- Goal of the exercise -
Every line from the one bearing "Auditório - referência à lua" through the last line of the records below is to be output exactly, and no other line; leave out the pictures.

#### Given records

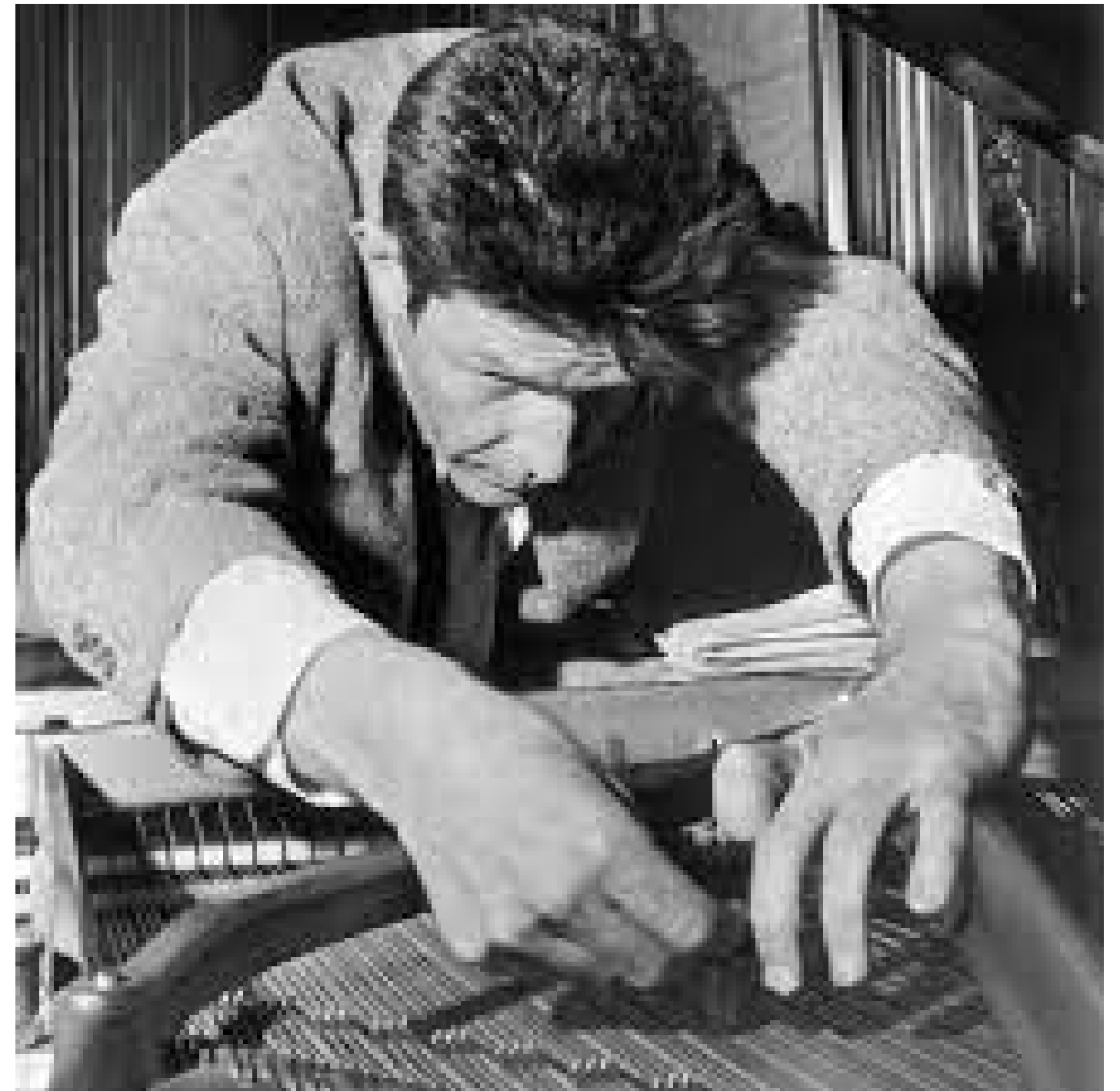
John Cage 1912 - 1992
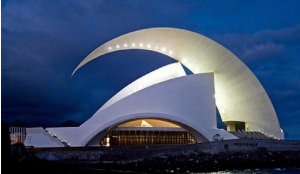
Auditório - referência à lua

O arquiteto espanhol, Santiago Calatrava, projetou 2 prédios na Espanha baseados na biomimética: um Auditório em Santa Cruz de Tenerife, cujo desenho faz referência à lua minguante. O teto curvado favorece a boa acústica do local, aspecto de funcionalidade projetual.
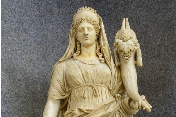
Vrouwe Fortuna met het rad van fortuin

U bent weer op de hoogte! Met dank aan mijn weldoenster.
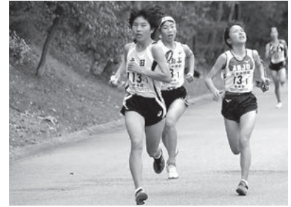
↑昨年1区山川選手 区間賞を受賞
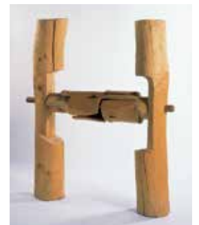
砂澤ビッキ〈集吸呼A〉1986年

########

- Answer section -
Auditório - referência à lua

O arquiteto espanhol, Santiago Calatrava, projetou 2 prédios na Espanha baseados na biomimética: um Auditório em Santa Cruz de Tenerife, cujo desenho faz referência à lua minguante. O teto curvado favorece a boa acústica do local, aspecto de funcionalidade projetual.
Vrouwe Fortuna met het rad van fortuin

U bent weer op de hoogte! Met dank aan mijn weldoenster.
↑昨年1区山川選手 区間賞を受賞
砂澤ビッキ〈集吸呼A〉1986年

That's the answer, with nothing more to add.